2.2. Material Preparation

The materials used in this study are formulated from commercially available photopolymers, photoinitiator, and UV absorber. HEMA (CAS: 868-77-9) was used as a photopolymer and ethylene glycol dimethacrylate (EGDMA, CAS: 97-90-5) was dissolved in HEMA with the concentration of 5 wt% to improve the printability. The polyethylene glycol diacrylate (PEGDA-4000, CAS: 26570-48-9) of molecular weight 4000, which had been ultrasonically oscillated for 30 min at room temperature, was added to the polymer in the concentration range of 10 wt%, 20 wt%, 30 wt%, and 40 wt%. Each mixed solution was treated with ultrasonic oscillation for 30 min at the temperature of 60 °C. The HEMA/EGDMA solution without PEGDA was set as the control group. The photoinitiator of ethyl (2,4,6-trimethylbenzoyl) phenylphosphinate (TPO-L, CAS: 84434-11-7) and the UV absorber of Sudan I (CAS: 842-07-9) were dissolved into each designed solution with the concentrations of 0.5 wt% and 0.05 wt%, respectively. Then, the designed resins were ready for 3D printing.
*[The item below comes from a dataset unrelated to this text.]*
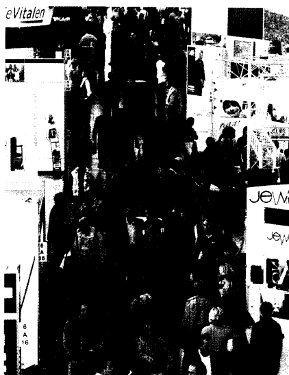
Besucherströme auf der Rehacare.

1. Bauerfeind Branchenforum: Bündnis zur Zukunftssicherung 15

2.3. Biocompatibility Experiment

The cell proliferation was conducted for the biocompatibility study. The cells used in this study were the mouse osteoblast cell line MT3T3-E1 purchased from American Type Culture Collection (ATCC, Rockville, MD, USA). The procedure for the cell proliferation experiments was specified as follows: the printed three-dimensional structures were first immersed in ethanol for 48 h, and after being removed from the ethanol were rinsed several times, which was performed to remove Sudan I. Then, the purchased mouse osteoblast cell line was seeded onto the three-dimensional structure from which Sudan I had been removed. The seeded completed 3D structures were cultured in α-MEM containing 10% FBS and 1% antibiotics (100 U/mL for both penicillin and streptomycin) at 37 °C and 5% CO₂. To assess cell viability, we used the MTT assay. Specifically, the treated cells were incubated in a 10% solution of 3-(4,5-dimethylthiazol-2-yl)-2,5- diphenyltetrazolium bromide (MTT) for 4 h at 37 °C, and the supernatants were removed. Then, the formazan crystals were dissolved in 150 μL DMSO, and their light absorption value can be measured by using a specific wavelength, which can reflect the number of live cells.

2.4. Characterization

The scanning electron microscopy (SEM) of Hitachi S4800 (Tokyo, Japan) was used to study the morphology and microstructure of printed models. Microcomputer electronic universal material testing machine (Group Lung Instrument Co., Ltd., Xiamen, China) was used to test the mechanical properties of printed three-dimensional structures. The objects printed using designed resins were analyzed with an X-ray diffractometer (XRD, Empyrean, PANalytical B.V., Malvern, UK) and an infrared spectrometer (INVENIO R, Bruker, Germany). To detect the cell viability, a cck-8 kit was used and the result was recorded with a microplate reader (Bio-Rad, Foster, CA, USA) by using the wavelength of 490 nm.

3. Results and Discussion

3.1. 3D Printing with Thermal Assistance

As shown in Figure 2a, PEGDA-4000 can be dissolved in the HEMA solution with the concentration of 20 wt% while PEGDA-4000 crystallizes as the concentration increases to 30 wt% at room temperature. The results show that the high solute loading of PEGDA-4000 could not be fully dissolved in the HEMA resin at room temperature, which meant it could not be used for stereolithography 3D printing After a few attempts, the high solute loading of PEGDA-4000 was completely dissolved in HEMA solution at 60 °C, which can be seen in Figure 2b, indicating the enhanced solubility at the high temperature.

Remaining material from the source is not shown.